[INPUT FOR THIS TASK]
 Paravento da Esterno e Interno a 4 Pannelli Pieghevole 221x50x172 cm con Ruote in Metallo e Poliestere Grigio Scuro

---

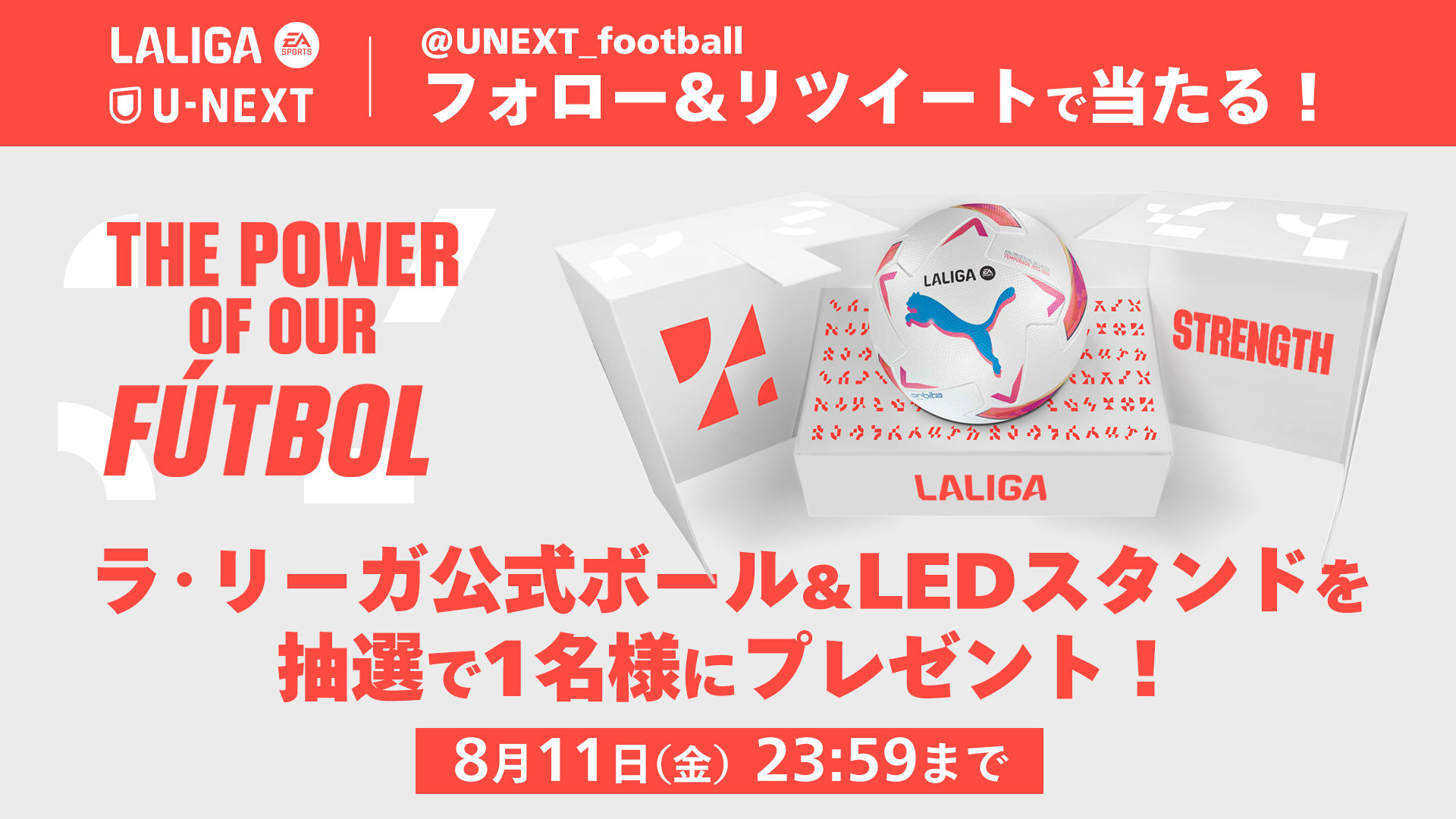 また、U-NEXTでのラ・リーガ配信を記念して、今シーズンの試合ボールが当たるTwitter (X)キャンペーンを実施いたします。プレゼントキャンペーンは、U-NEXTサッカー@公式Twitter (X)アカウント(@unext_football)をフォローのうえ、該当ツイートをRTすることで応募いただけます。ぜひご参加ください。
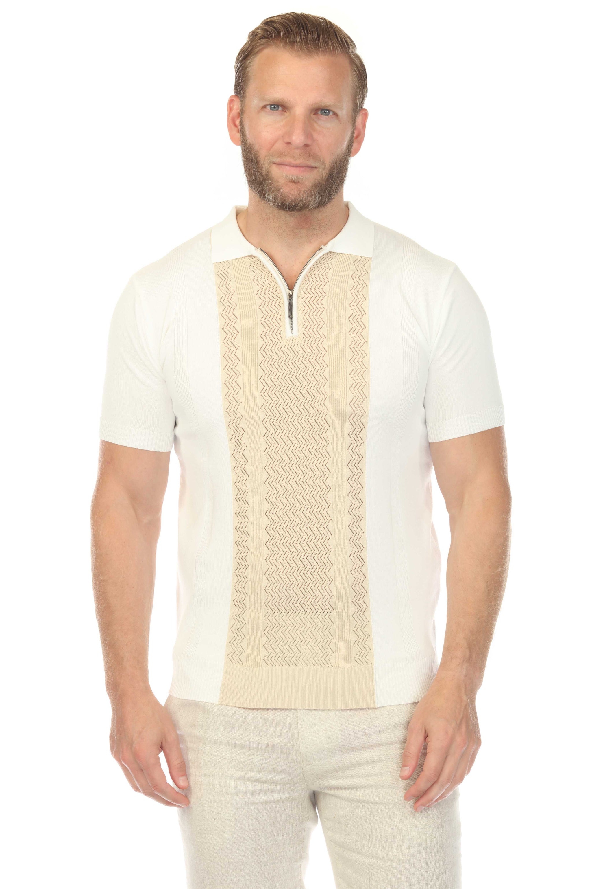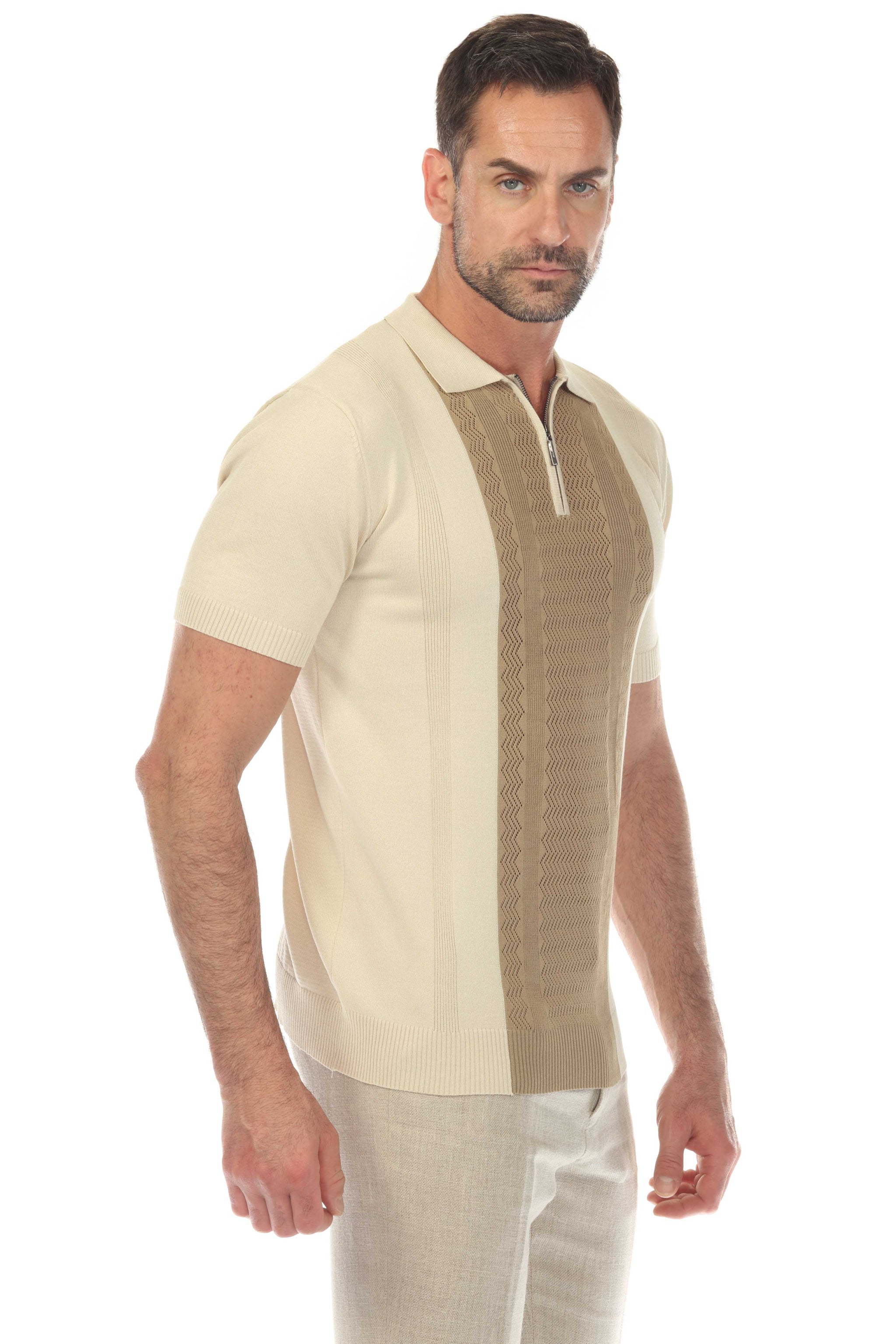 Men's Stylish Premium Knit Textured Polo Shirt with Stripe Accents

...

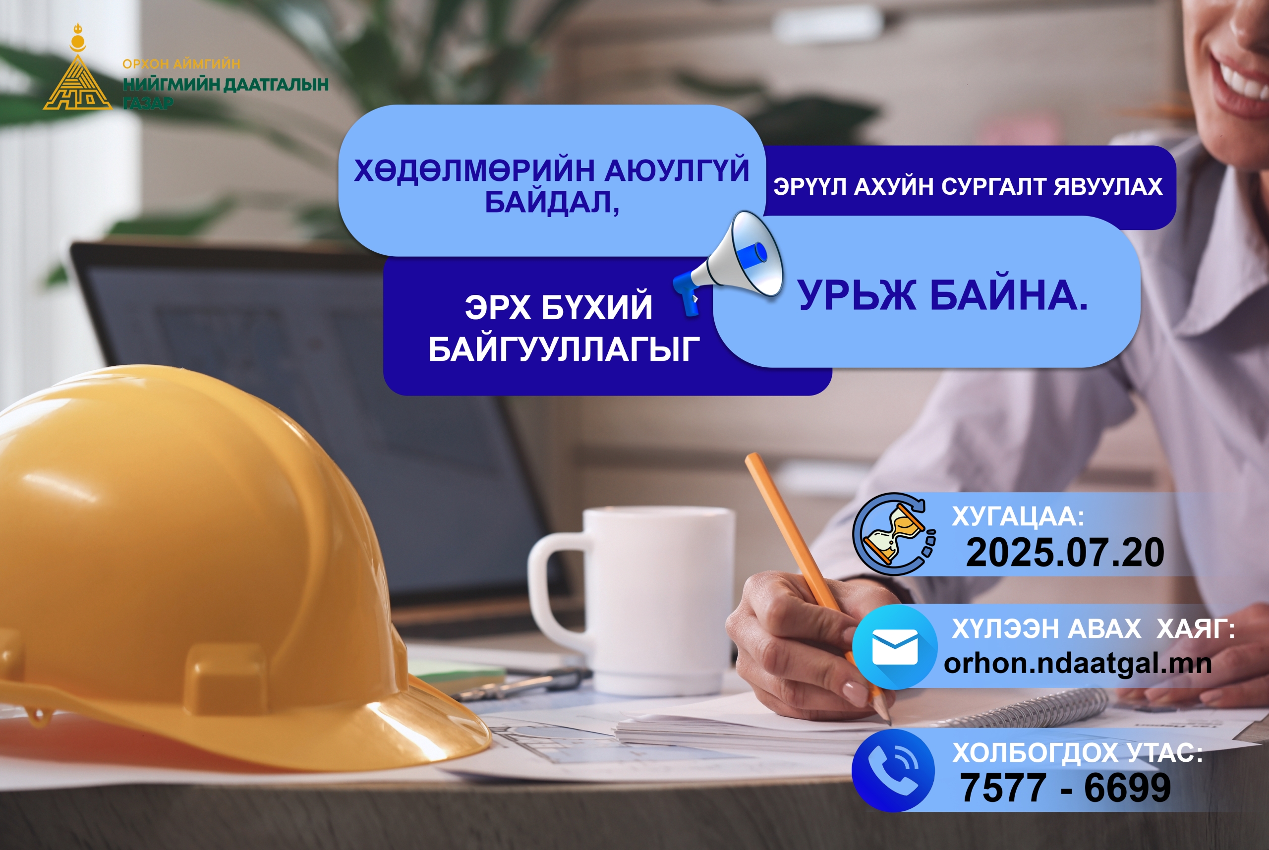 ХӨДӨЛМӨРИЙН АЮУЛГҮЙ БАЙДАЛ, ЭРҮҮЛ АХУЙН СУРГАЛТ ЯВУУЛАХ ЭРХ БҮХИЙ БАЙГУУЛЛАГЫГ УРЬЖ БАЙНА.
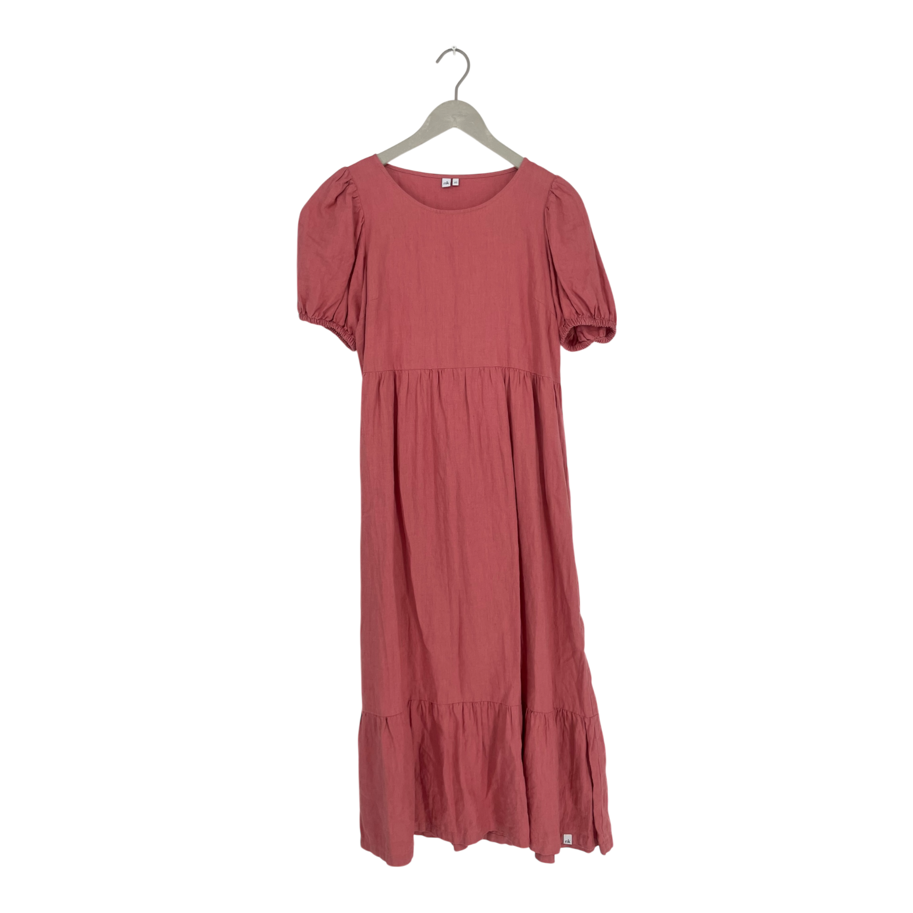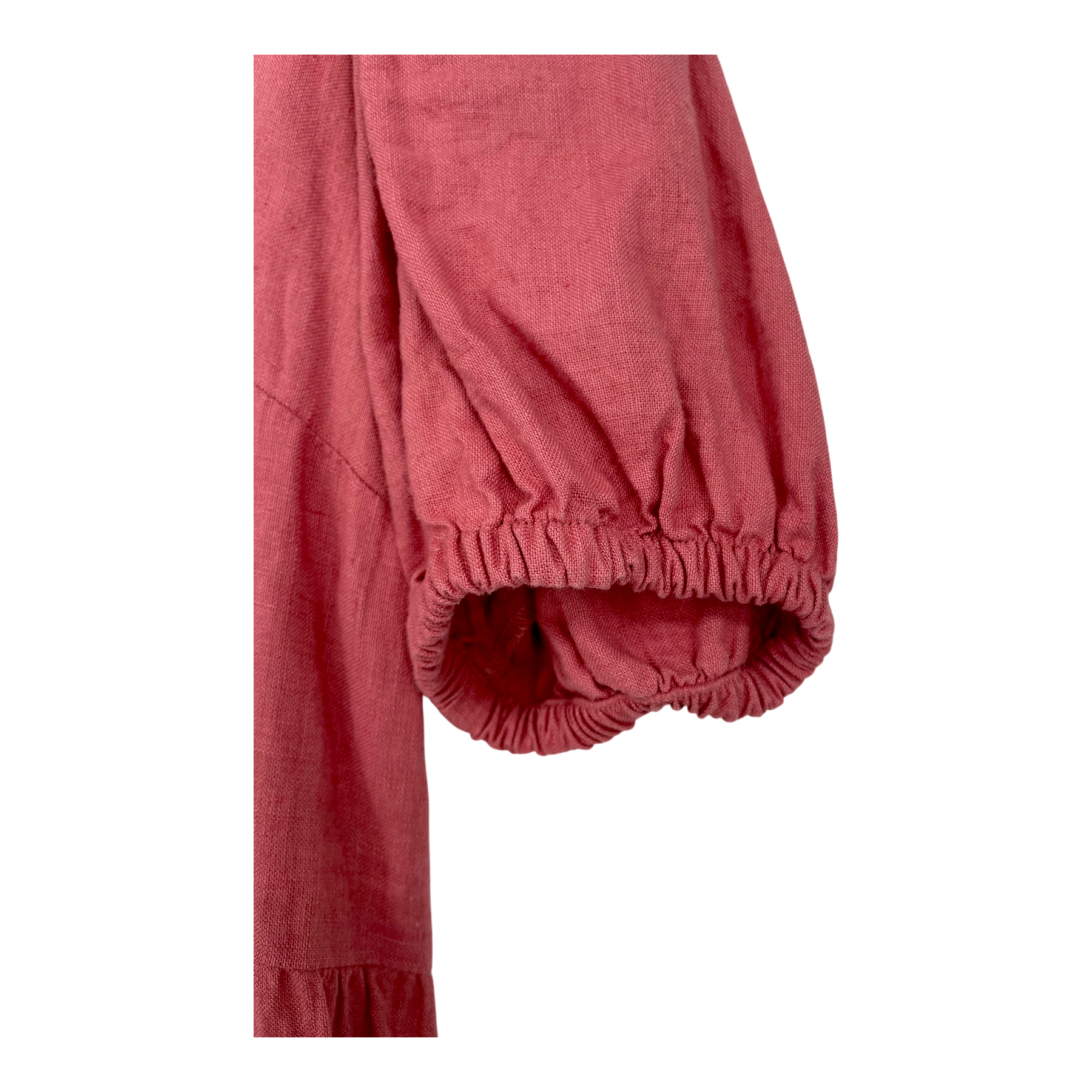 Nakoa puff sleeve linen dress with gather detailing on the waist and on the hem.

[EXERCISE] From the listing above, restate verbatim the lines running from the one with "ХӨДӨЛМӨРИЙН АЮУЛГҮЙ БАЙДАЛ, ЭРҮҮЛ" through the one with "Nakoa puff sleeve", inclusive, but not the pictures.

[YOUR RESPONSE]
 ХӨДӨЛМӨРИЙН АЮУЛГҮЙ БАЙДАЛ, ЭРҮҮЛ АХУЙН СУРГАЛТ ЯВУУЛАХ ЭРХ БҮХИЙ БАЙГУУЛЛАГЫГ УРЬЖ БАЙНА.
 Nakoa puff sleeve linen dress with gather detailing on the waist and on the hem.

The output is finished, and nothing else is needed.